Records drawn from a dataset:
# # # # #
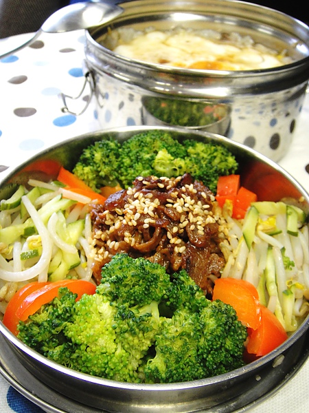 所以,今天想吃清淡些,就做了稀飯便當。但太清淡又沒胃口,所以又用一點辣椒加韓式辣醬做了很夠味的韓式辣炒豬肉,沒胃口的時候吃一點辣的反倒開胃了。
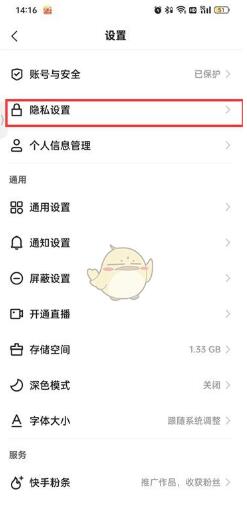 3、进入到设置的页面之后点击【隐私设置】;
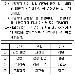 (가)~(다)와 개인상담 기법을 바르게 연결한 것은?
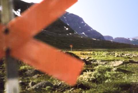 Rote Andreaskreuze kennzeichnen den Winterwanderweg, der auf großen Teilen parallel zum Kungsleden vrläuft.
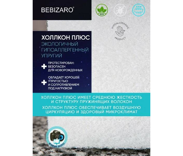 - Hollcon Plus (100 мм) – основной наполнитель матраса. Упругий материал, который хорошо сберегает тепло, не накапливает статического напряжения, не боится влаги, не поддается слеживанию.
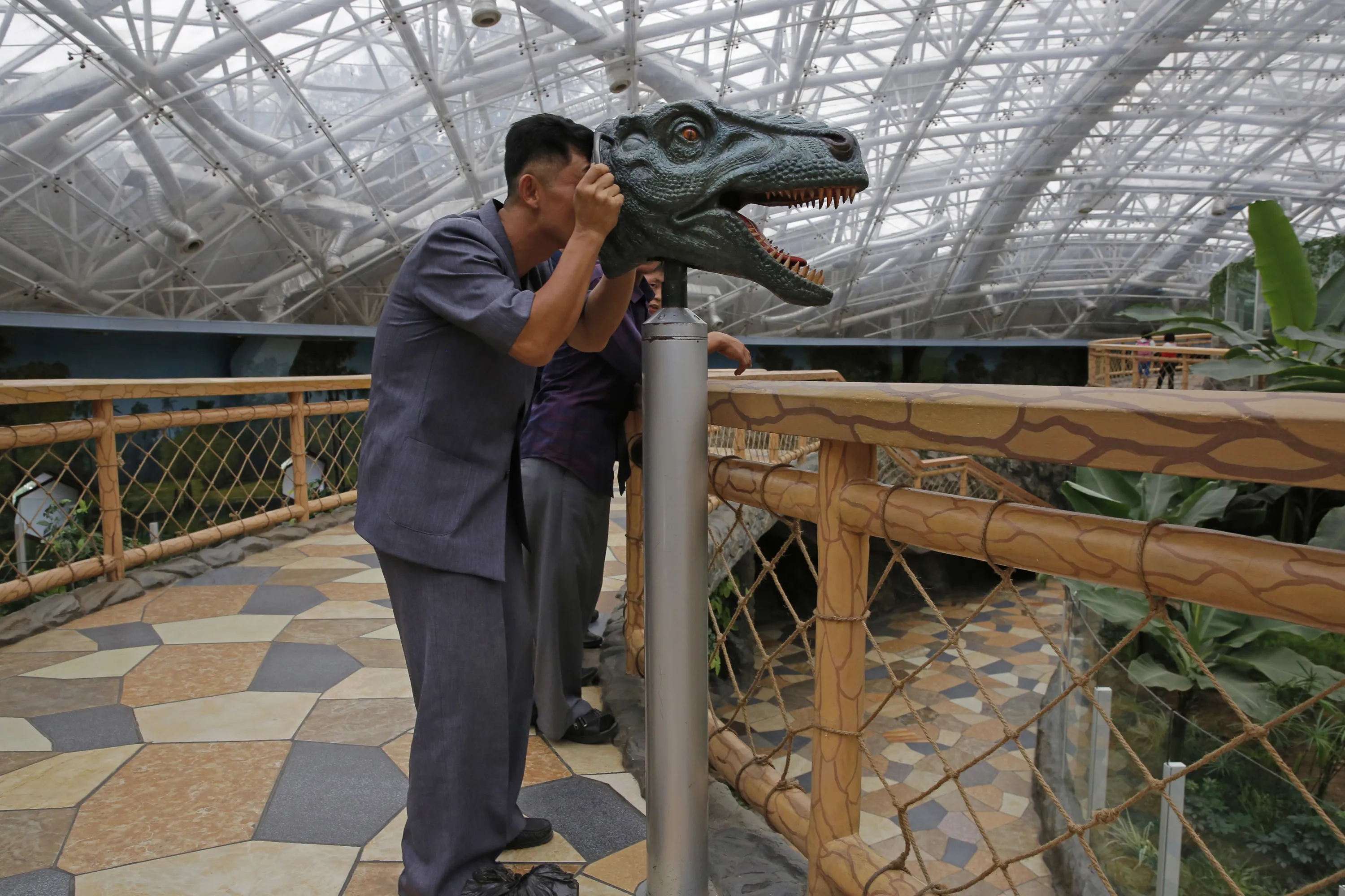 In this Saturday, September 15, 2018, file photo, a North Korean man looks through a device to study the vision of a dinosaur, at the Central Zoo in Pyongyang, North Korea. (Photo by Kin Cheung/AP Photo)
# # # # #
* **WHAT TO WORK ON**
If a record holds a picture, leave the picture out, but repeat every line exactly.

* **RESPONSE**
 所以,今天想吃清淡些,就做了稀飯便當。但太清淡又沒胃口,所以又用一點辣椒加韓式辣醬做了很夠味的韓式辣炒豬肉,沒胃口的時候吃一點辣的反倒開胃了。
 3、进入到设置的页面之后点击【隐私设置】;
 (가)~(다)와 개인상담 기법을 바르게 연결한 것은?
 Rote Andreaskreuze kennzeichnen den Winterwanderweg, der auf großen Teilen parallel zum Kungsleden vrläuft.
 - Hollcon Plus (100 мм) – основной наполнитель матраса. Упругий материал, который хорошо сберегает тепло, не накапливает статического напряжения, не боится влаги, не поддается слеживанию.
 In this Saturday, September 15, 2018, file photo, a North Korean man looks through a device to study the vision of a dinosaur, at the Central Zoo in Pyongyang, North Korea. (Photo by Kin Cheung/AP Photo)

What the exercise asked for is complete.